This month’s spice is warming wonder cinnamon. While it will always remind us of Christmas, it’s a really versatile spice that brings a warm richness to sweet and savoury dishes all year round.  It’s also been proven to help stabilise blood sugar levels so is a great addition to your diet for your overall wellbeing… and cinnamon swirls.

The comforting smell of cinnamon always reminds me of basmati rice steaming away on the hob, with some turmeric, green cardamom and cloves in there too. This means my memory almost always associates the aroma with hungry impatience - if the rice is cooking, that means dinner’s nearly ready!

There are actually two types of cinnamon - the more strong and fiery rough bark of cassia, and the classically fragrant and sweet cinnamon, which is made from the smoother inner bark of a different tree. They’re both made by drying tree bark before being rolled into the quills you might already be familiar with. As a rule I suggest using cassia in savoury dishes like tagines, Indian curries and Vietnamese pho bases, and the latter in desserts.

Both cinnamon and cassia have an aromatic, woody flavour that coats your mouth in a warming familiar sweetness. I normally always champion using whole spices over ground, but ground cinnamon retains the flavour of the whole bark well and is pretty handy when you just want a little sprinkle on something like porridge or a baked apple. Plus it can take a lot of elbow grease to grind it down to a powder yourself!

This month we’re making kheer, which is an Indian rice pudding. Cooked on the hob rather than baked like the English classic, the use of lower-GI basmati rice and digestion-friendly aromatic spices mean it’s less stodgy and a bit lighter on your tummy after a meal too. Not that you ever need an excuse to reach for more pudding...

It’s normally made with just green cardamom but I like the toasty warmth that cinnamon brings to this version. Traditionally its perceived to be an auspicious dish served at festivals and special occasions. It’s so special and well-loved it’s even served with edible silver leaf on top too - possibly the most extra rice you’ve ever eaten?!

I’ve also opted to use coconut milk instead of whole cow’s milk which is a personal preference as I like the natural sweetness and tropical flavour that it brings. Feel free to use whatever milk takes your fancy, you might just need to adjust the sugar to account for the missing sweetness in other milks. Let your tastebuds guide you!

Kheer (Indian rice pudding)


1 tin coconut milk

1 cup basmati rice

4 tablespoons sugar (more to taste)

4 cassia or cinnamon bark quills

8 green cardamom pods

Pinch salt

50g flaked almonds

50g raisins

Pinch saffron strands (optional)

1 tablespoon rosewater (optional)


  1. In a bowl cover the rice in cold water and let it soak for about half an hour.
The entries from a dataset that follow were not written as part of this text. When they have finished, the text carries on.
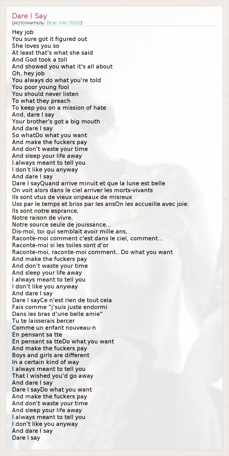 А как ты думаешь, о чем песня "Dare I Say" ?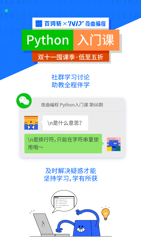 夜曲编程官方版是一款广受好评的的编程学习软件,这款软件再用在线学习的方式,拥有非常优质的Python课程等你来学习,拥有通俗易懂的课程内容,用户每天只需要花费20分钟的时间来学习就可以,零基础也可以轻松学习,更好的利用碎片时间来提升自己。夜曲编程官方版课程适用于大学生,求职者,职场人等,可以帮助用户更加高效的进行工作和学习,并且相对应薪资也会更高点,还可以选择成为程序员。夜曲编程官方版采用了双端学习的方式,手机电脑都是都可以轻松学习,并且配置的在线编译环境,轻松实战练习。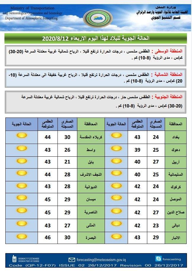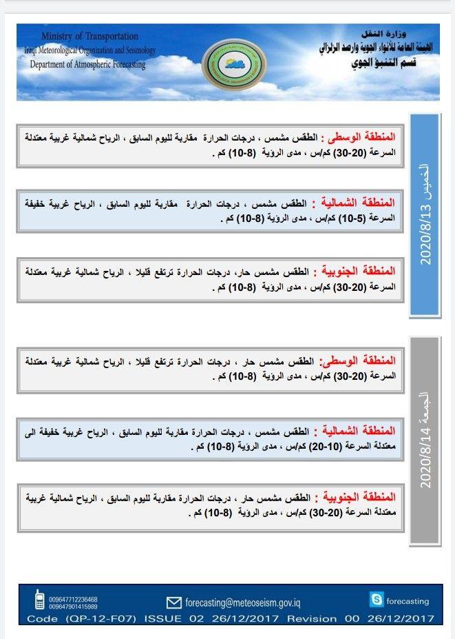 الاخبار العاجلةمحلياتالحالة الجوية ودرجات الحرارة في العراق لليوم الاربعاء والايام المقبلة قبل 5 سنوات 3 مشاهدات شارك الطقس قد يهمك أيضا عربي ودولي خبير عسكري أمريكي يحذر من احتمال مواجهة مباشرة بين روسيا وحلف "الناتو" قبل 7 ساعات 12 مشاهدات أمن الداخلية تعلن تفكيك 176 شبكة دولية للمخدرات وتؤكد نجاح التعاون الإقليمي قبل 8 ساعات 8 مشاهدات محليات الانواء الجوية: العراق يتأثر بمنخفض شبه قطبي يتسبب بأمطار وتدني درجات الحرارة قبل 10 ساعات 25 مشاهدات محليات الكهرباء: الإنتاج الحالي يصل لـ17 ألف ميغاواط قبل 10 ساعات 12 مشاهدات محليات الموارد: خطة لإنشاء 50 سداً لحصاد المياه غالبيتها في نينوى والأنبار قبل 10 ساعات 14 مشاهدات
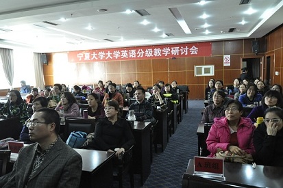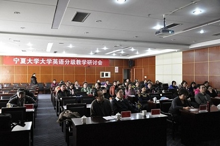 大学英语分级教学研讨会”。教务处副处长任磊、外国语贝宝官网院长周玉忠、副院长郭鸿雁和外国语贝宝官网公外部全体教师参加了研讨会。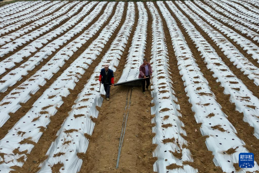 3月25日,贵州省毕节市赫章县兴发苗族彝族回族乡农民在田间进行覆膜作业(无人机照片)。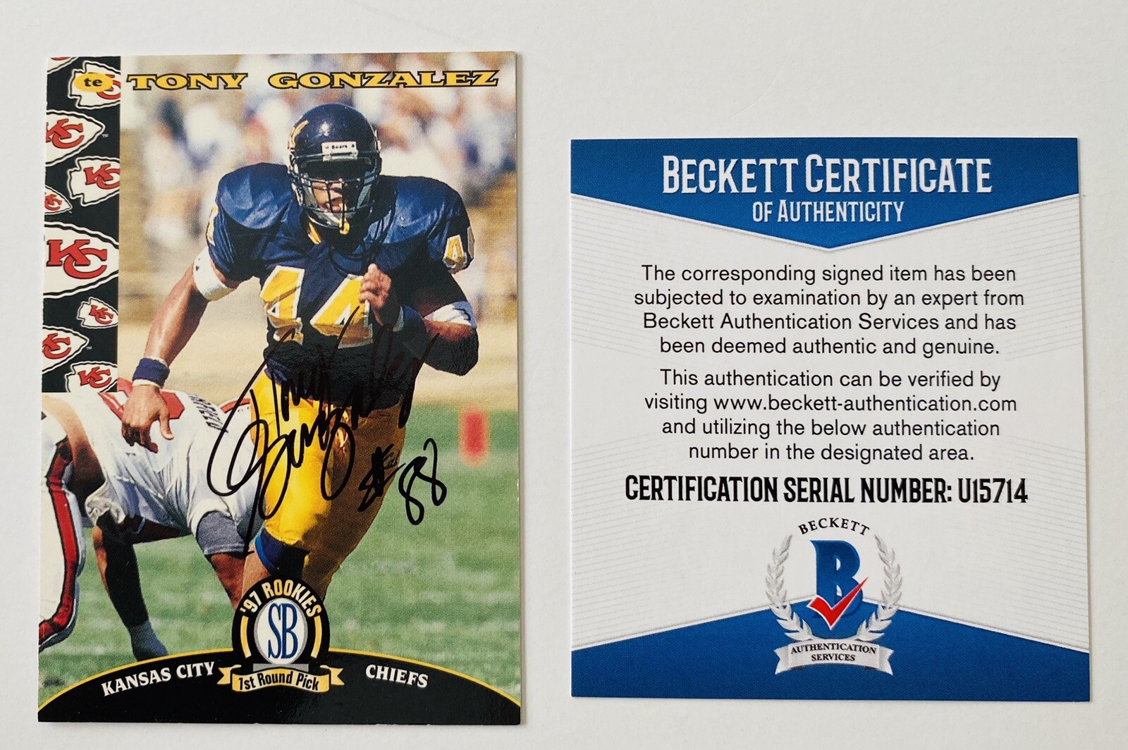 TONY GONZALEZ SIGNED AUTOGRAPHED 1997 SCORE BOARD ROOKIE CARD #2 BAS BECKETT COLLECTIBLE MEMORABILIA
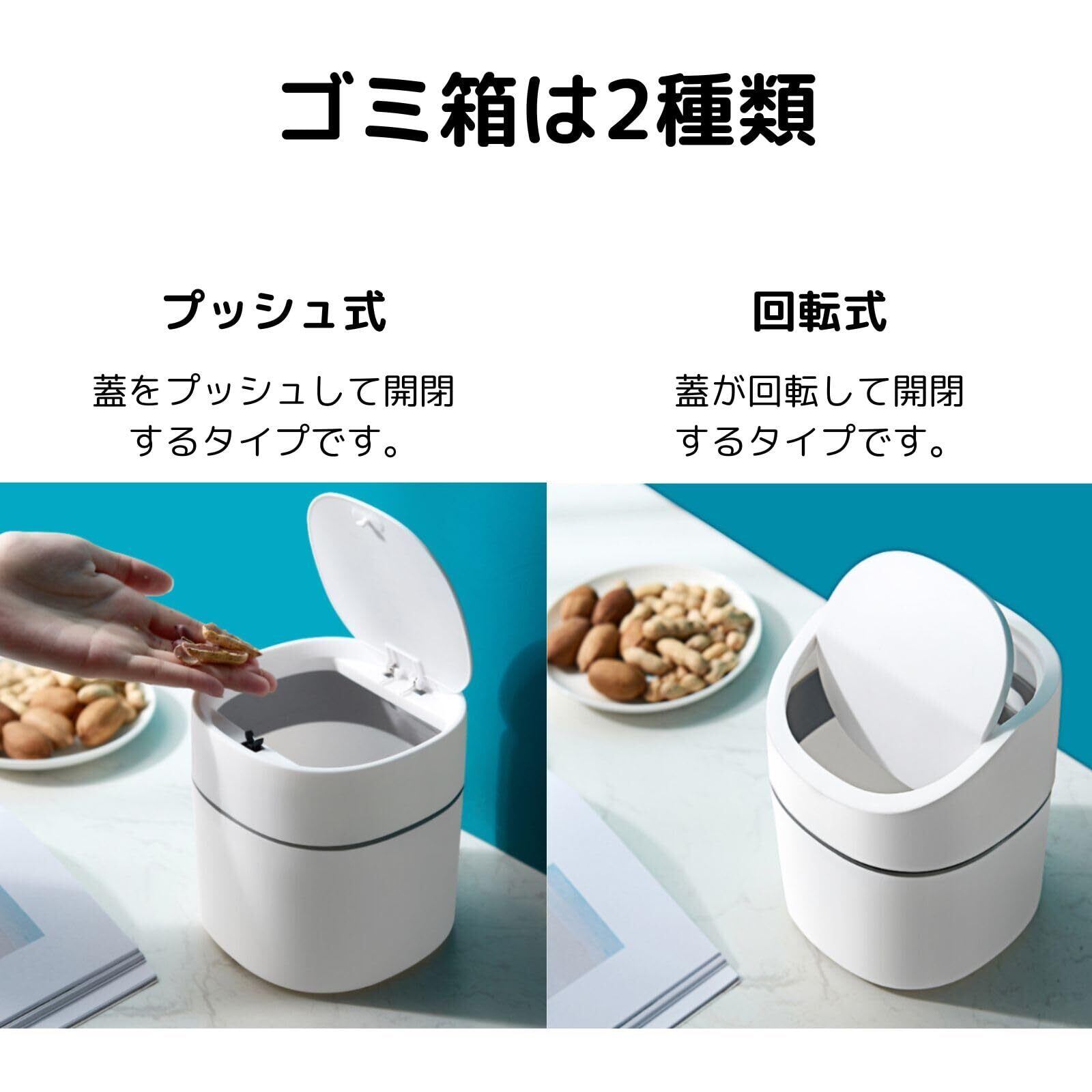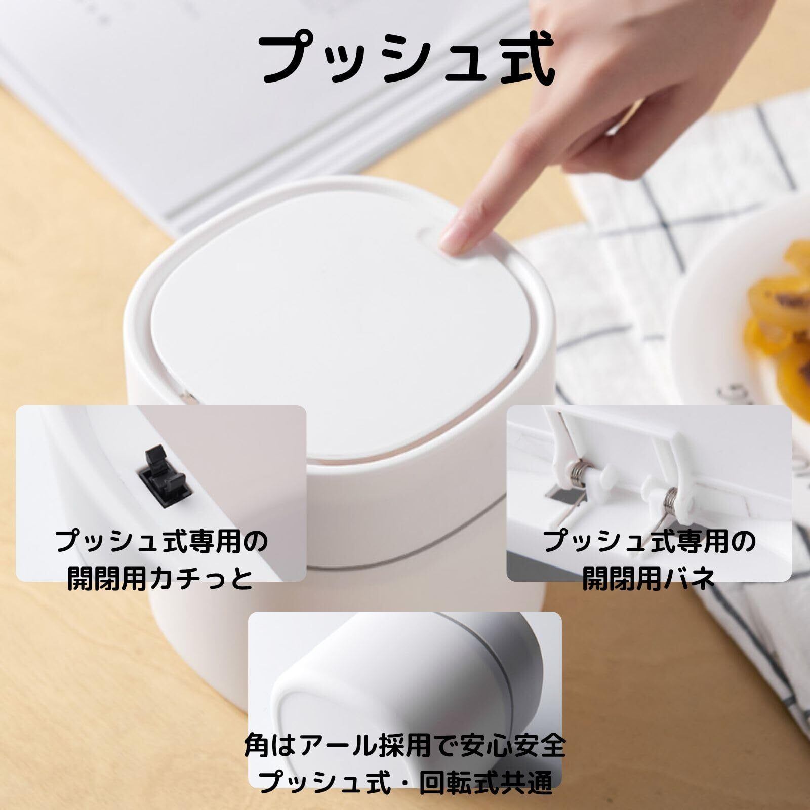 【臭わない】かわいいコンパクトなふた付きゴミ箱です。密閉されているので臭いをシャットアウトします。回転式は回転式のふたで開閉出来ます。プッシュ式はプッシュ式のふたで開閉出来ます。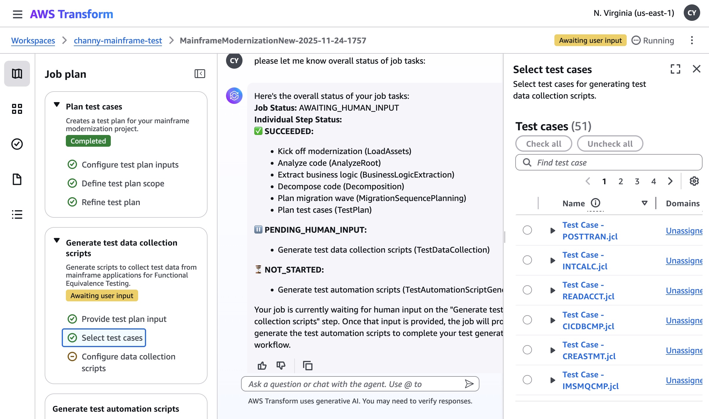 - Automated testing – Customers can use new automated test plan generation, test data collection scripts, and test case automation scripts. AWS Transform for mainframe also provides functional testing tools for data migration, results validation, and terminal connectivity. These AI-powered capabilities work together to accelerate testing timelines and improve accuracy through automation.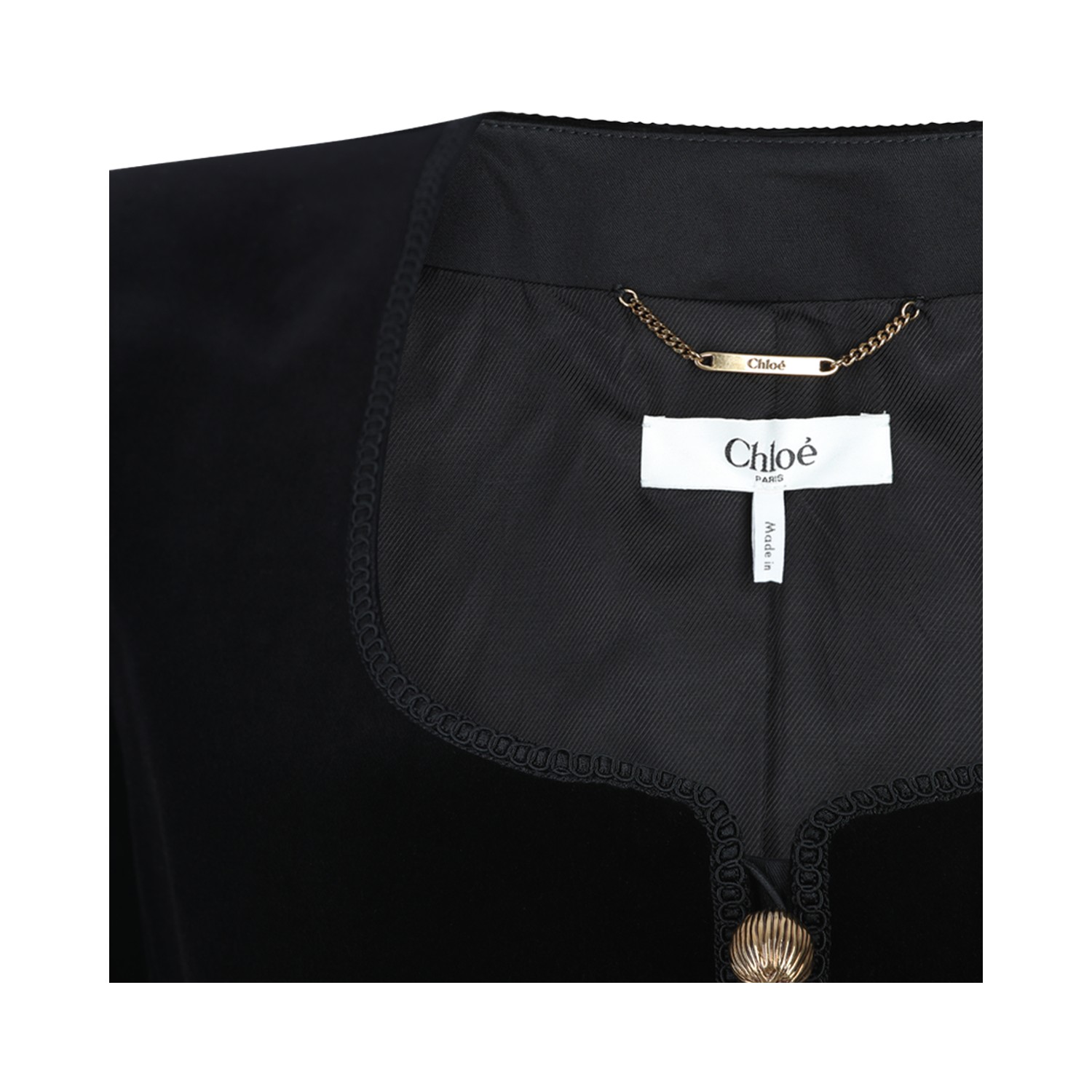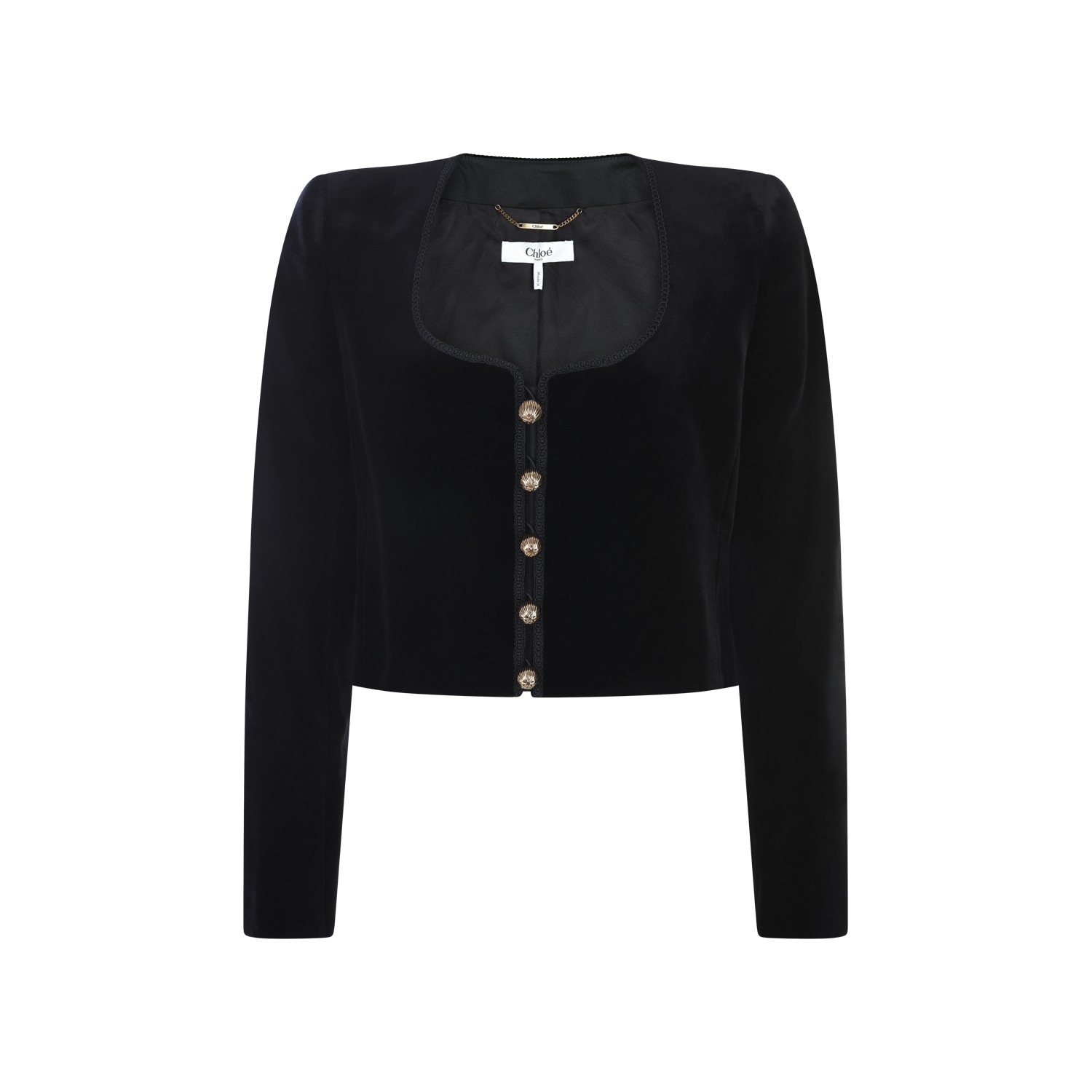 Black cotton casual jacket from Chlofeaturing square collar, long sleeves, buttons fastening and macramdetails.

While its soaking drain and change the water a couple of times, you should see it become less cloudy each time.

  2. While the rice is soaking, heat the coconut milk and an empty tin’s worth of water over a low flame. With a pestle or the back of a spoon give the cardamom pods a bash and add those with the cinnamon or cassia bark to the milk. This will allow the spices to get a head start infusing the milk before the rice is added. If you’re using saffron, take a couple of teaspoons of the milk out and set aside and gently mix the saffron strands through.

  3. Once its soaked add the rice and a pinch of salt and stir thoroughly. Increase the heat to let the milk come to a boil, and and then reduce and let the kheer simmer on a low flame until the rice is cooked through and soft. This should take around half an hour but add more water and cook for longer if it dries out during this time or the rice still has bite. Continue to stir throughout the cooking process ensuring it doesn’t stick.

  4. Once the rice is cooked and the milk has thickened to a thick and saucy texture, stir through the sugar, almonds and raisins (and saffron and rose water if using). Taste and add more sugar if you like.

  5. Serve with nothing but a spoon to envelope you in its comforting goodness. I love to eat kheer while it’s still hot from the pan, but it’s more traditionally eaten cold which is equally tasty.

Other uses

  • Cinnamon’s not just for desserts - add a stick when cooking basmati rice et voila, you have a pilau!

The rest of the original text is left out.